Литература Святой Руси (стр. 4 из 7)

Аввакум — не писатель в общепринятом “профессиональном” значении слова, писательство для него — необходимое средство борьбы. “По нужде ворчу, — писал он, — понеже докучают. А как бы не спрашивали, я бы и молчал больше”. Но в этом “ворчании” — какой художник слова! Какое богатство жизненно психологических связей протопопа с миром (царь Алексей Михайлович, патриарх Никон, боярин Ртищев, Симеон Полоцкий, боярыня Морозова, воевода Пашков, священники, паства и т. д.), и какая, иногда в нескольких словах, изобразительная сила в показе человеческих характеров, какое разнообразие интонаций (от язвительной по отношению к Никону до задушевной — с женой Марковной)! И совершенно уникальный, “природно русский”, разговорный народный язык (“принципиально непереводимый” на европейские языки, по Достоевскому).

Религиозно-церковное сознание Аввакума, при всей своей догматичности, насыщено, драматизировано “страстьми”, переживаниями, которые вносят в познание им сущего элемент сердечного всеведения (подобно тому как для его современника Паскаля только с “болью сердца” достигается полнота истины). Обличитель “отступнической блудни”, готовый “перепластать на четверти” никониан (хотя сам отвергает жестокость в делах веры: “Мой Христос не приказал нашим апостолам так учить, еже бы огнем, да кнутом, да вислицею в веру приводить”), Аввакум как христианин и страдает и сострадает, он испытывает “печаль”, ему “горько зело”, он “плачет” за людей, ему их жаль и т. д. В религиозном опыте Аввакума и в самой судьбе его выразилось то предощущение катастрофичности бытия, которое будет постоянно сопровождать историю России вплоть до настоящего времени.

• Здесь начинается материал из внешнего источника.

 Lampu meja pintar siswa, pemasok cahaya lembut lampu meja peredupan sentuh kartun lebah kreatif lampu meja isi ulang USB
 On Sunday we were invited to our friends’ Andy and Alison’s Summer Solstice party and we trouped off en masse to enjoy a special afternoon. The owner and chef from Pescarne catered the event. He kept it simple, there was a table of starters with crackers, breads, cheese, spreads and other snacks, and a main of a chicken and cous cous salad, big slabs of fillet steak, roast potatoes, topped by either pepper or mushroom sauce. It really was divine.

Второй раскол ожидал Россию при сыне царя Алексея Михайловича — Петре I, реформы которого раскололи нацию на европеизированный образованный слой и народную массу. Петровские реформы стали предметом длительного исторического спора между их сторонниками и противниками. Но даже и славянофилы, которых западники необоснованно обвиняют в огульном отрицании этих реформ, в действительности признавали их историческую необходимость, целесообразность, как освобождение, по словам К. С. Аксакова, от “исключительной национальности”, как выход в мир, в активные взаимоотношения с Европой, что позволило русскому народу полнее реализовать свои потенциальные духовные силы, утверждать свое призвание в мире. Но при этом славянофилы не принимали таких радикальных реальностей петровских реформ, как разрыв с духовно-культурным наследием Древней Руси, с многовековыми народными, культурными традициями. Неблагоприятные последствия имели церковные преобразования. Петр покончил с патриаршеством, в 1721 был учрежден Святейший синод, что привело к полнейшей зависимости церкви от государства, к обмирщению церковной власти.

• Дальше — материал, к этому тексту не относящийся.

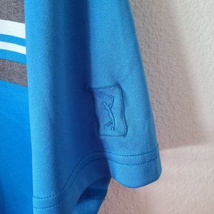 PGA Tour Pro Series US L Blue Striped Polo Short Sleeve Shirt Golf

В н. XVIII в., в результате заимствования с Запада сугубо утилитарных знаний, технической, административной, военной, мореходной и прочей терминологии, с распространением переводной мирской литературы — вследствие всего этого русский язык, письменность перегружаются варваризмами, канцеляризмами, языковой иностранщиной. Всего каких-нибудь три — четыре десятка лет отделяют литературу петровского времени от “Жития” Аввакума, а между ними — непроходимая пропасть. Как будто не было мощной стихии “природного русского” языка, не было глубинной духовности и психологизма. Как будто бы все началось на пустом месте, без родной почвы, без корней.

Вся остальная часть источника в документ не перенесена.